Collaborated solutions for the mining industry

Anglo American executive director Khanyisile Kweyama (Supplied)

Anglo American executive director Khanyisile Kweyama (Supplied)

The Investing in Africa Indaba was held in Cape Town on February 3 to 6, where more than 7 800 delegates, industry heads and decision makers from South Africa and around the world met at the largest mining investment conference to discuss and debate current issues dominating mining horizons on the African continent.

As predicted at last year’s Mining Indaba, the past 12 months have been difficult for South Africa’s mining industry.

Labour unrest and continued wage demands, growing local cost pressures, declining production, dropping international demand and falling commodity prices have all played a role in deepening the woes of an already pressured local mining sector.

Increasing costs of oil, fuel, power and machinery, as well as rising taxes and royalties have also had a heavy impact on South Africa’s industry.

Regulatory uncertainty, an unfavourable investment climate and a volatile labour force have contributed to a myriad of factors wobbling the well-oiled machine that is local mining.

Add to this the likelihood of an easing off in demand from China as that country’s growth cycle slows, and the weather ahead for the sector looks rough.

Positive outlook

However, the general consensus is that the rough road is a mere hiccup in the greater picture for South Africa and the continent.
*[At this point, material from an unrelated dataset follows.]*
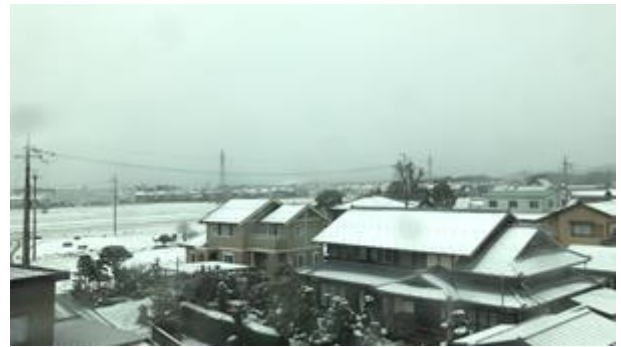
在車上看到下雪了！！

David Hale, founding chairman of David Hale Economics, said there is a great deal of optimism about Africa.

“The trend for Africa has been quite positive for the past 10 years. The International Monetary Fund predicts that sub-Saharan Africa’s GDP growth will be about 6%, in stark contrast with the 2% growth recorded between 1980 and 2000."

Hale identified several factors responsible for Africa’s improved performance.

“Firstly, there has been the great commodity super-cycle of the last decade as a result of the Chinese economic take off.

"Africa is well placed for this, as it is a major producer of a wide range of raw materials and commodities.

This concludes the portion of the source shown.